Designing for the Internet of Things

A Series of Six Articles on the IoT

Alasdair Allan
5 min readFeb 26, 2019

This is a overview article for a series of six articles on designing connected devices. The first article in the series is “Where Does Your Smart Product Sit?” and talks about product design. The second is “Starting With One” and covers prototyping, the third is “Your Developers’ Experience” and talks about product design, the fourth is “Remember the Physical Environment,” and discusses deployment issues, the fifth is “Time to Market vs Common Sense,” and talks about manufacturing as a startup. The final article is “Security is Your Job,” and talks about security and the Internet of Things.

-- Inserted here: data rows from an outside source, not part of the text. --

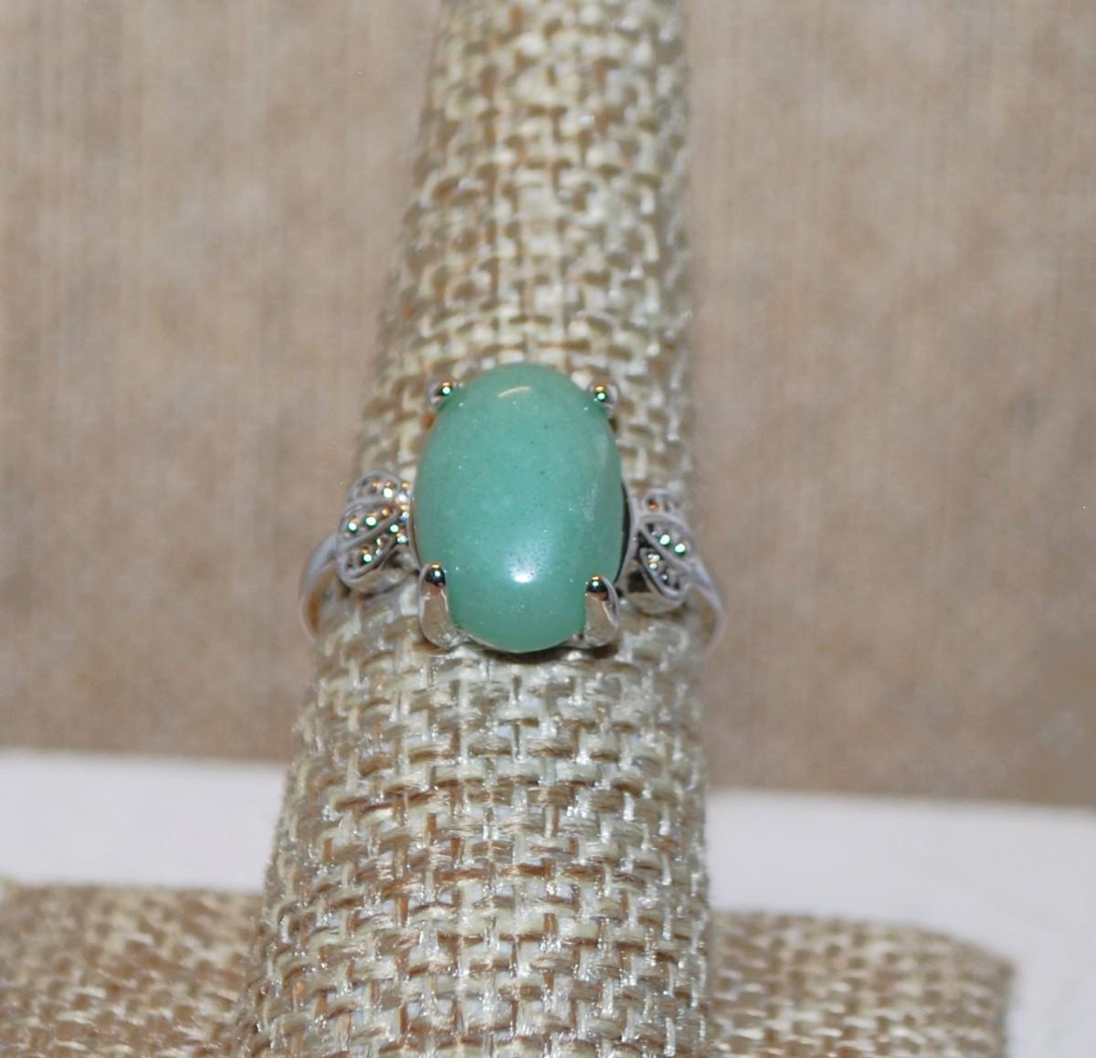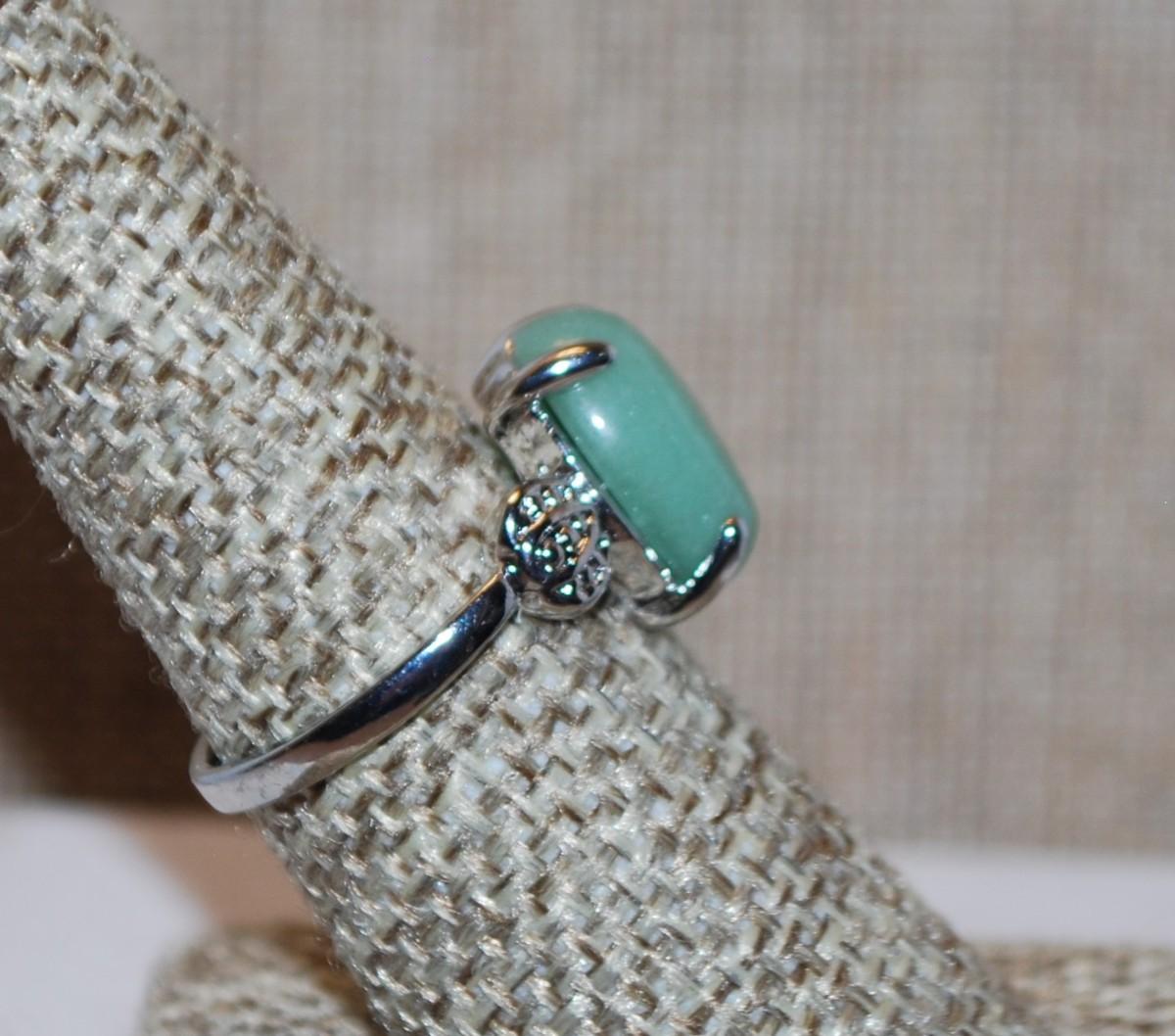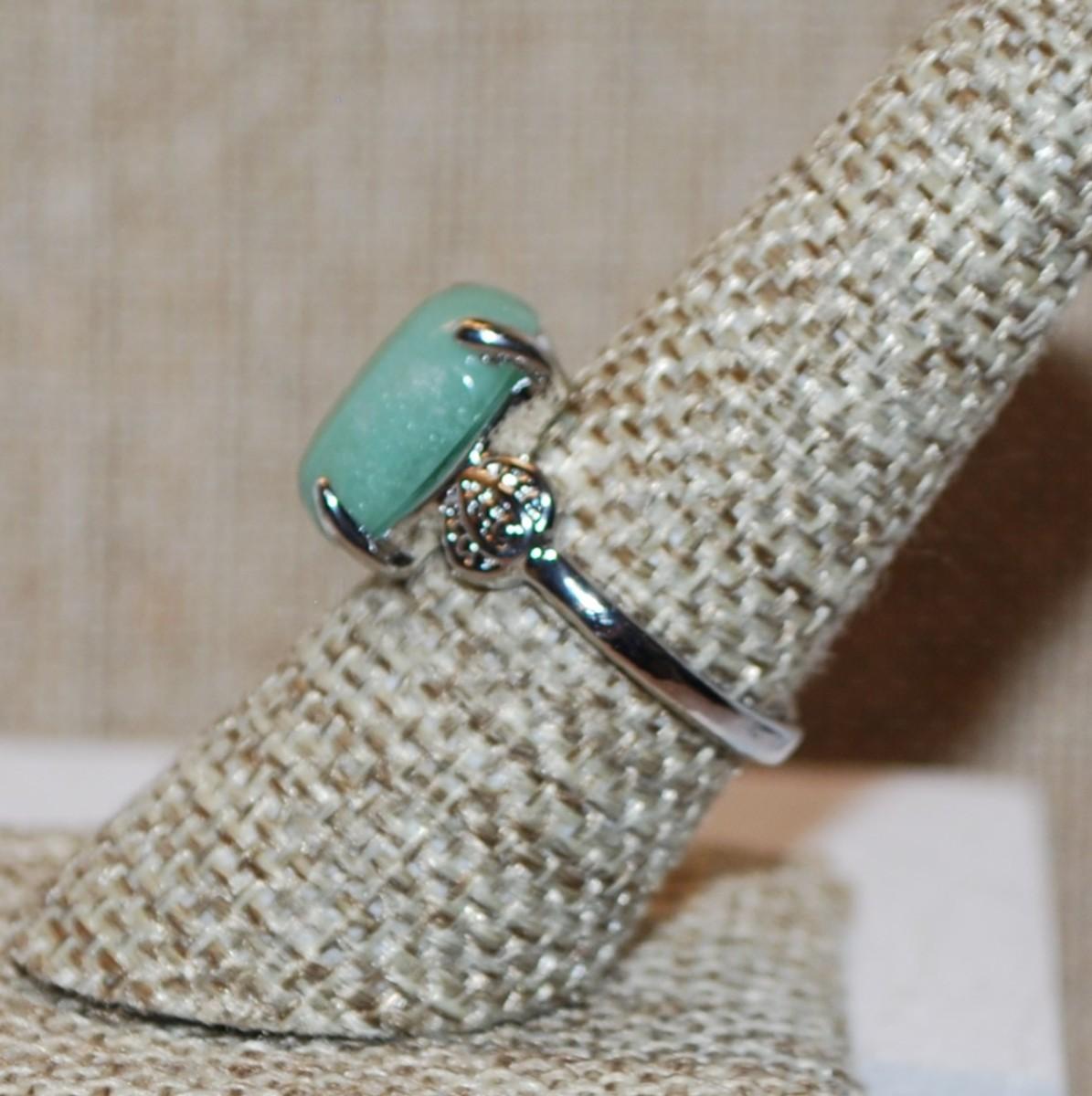 Size 7½ Oval Green Aventurine Stone Ring with Side Single Spheres on a Silver Tone Band (3.8g)
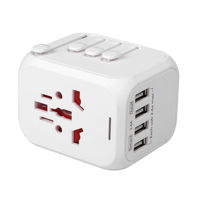 4 USB-porte til samtidig opladning: Adapteren har også en interface til 4 USB-porte. Oplad din smartphone på samme tid som din bærbare computer, oplad din tablet på samme tid som din barbermaskine og så videre! Med denne multifunktionelle adapter behøver du ikke tage en anden oplader med dig, når du rejser.
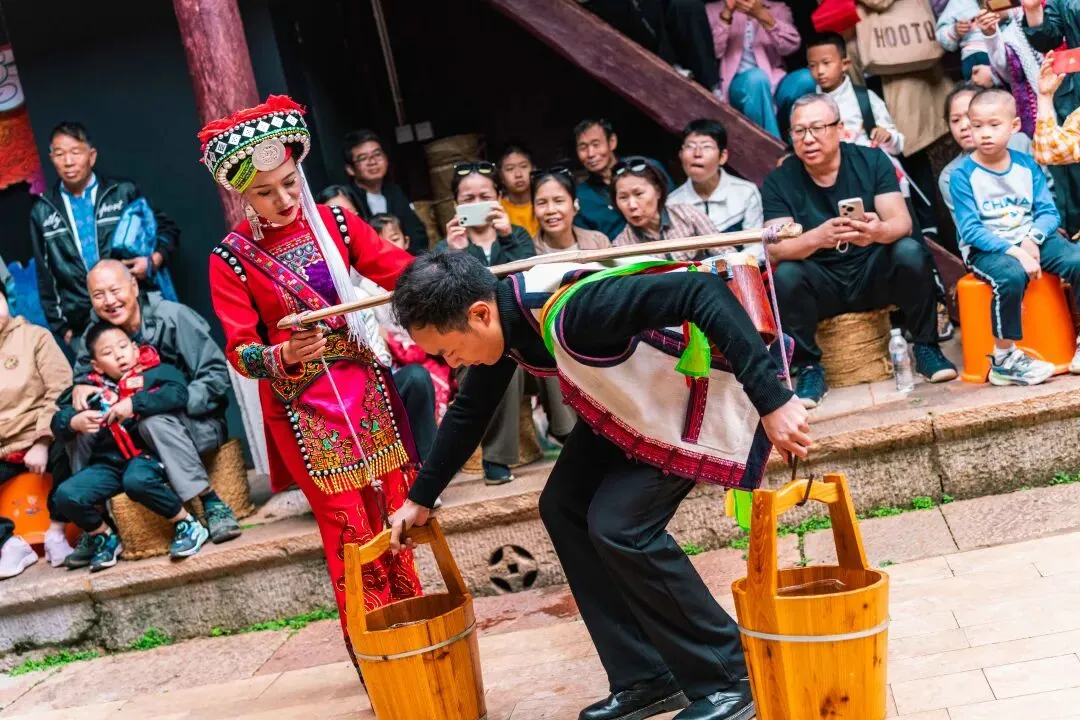 想感受最原生态的彝家浪漫与快乐?“阿细婚俗表演”绝对不容错过。每一个环节都延续着阿细人代代相传的婚恋习俗,藏着“勤劳善良为美,真心相待为贵”的民族智慧。现场还会邀请游客沉浸式参与,亲身感受这份跨越千年的淳朴浪漫,在欢声笑语中,收获满满的快乐与感动。
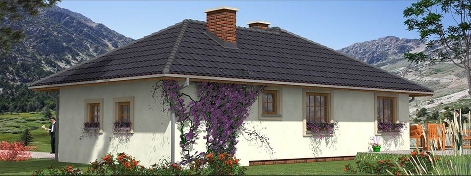 Fundamenty: żelbetowe, wylewane Ściany zewnetrzne: murowane, jednowarstwowe, beton komórkowy lub ceramika Strop: drewniany, belkowy, zamknięty. Pokrycie dachu: dachówka betonowa. Nachylenie dachu: 30°. Sposób ogrzewania: piec dwufunkcyjny na gaz ziemny lub płynny. Alternatywnie piec na paliwo stałe.

We’re used to yearly, or faster, upgrade cycles. A new phone each year, a new laptop every couple of years, and each year the slabs of aluminium, plastic, glass, and silicon get a little bit thinner and weigh a little bit less. But the underlying model around which our computing is built doesn’t change quite as rapidly as the computing itself.

Discarded phones.

Despite more than a decade has passed since the Apple iPhone changed everything, the last change is still fresh in our minds. The arrival of the iPhone turned the mobile phone market on its head and spawned an app economy that is estimated to be worth around $150 billion, and has swallowed a quarter of Enterprise IT budgets.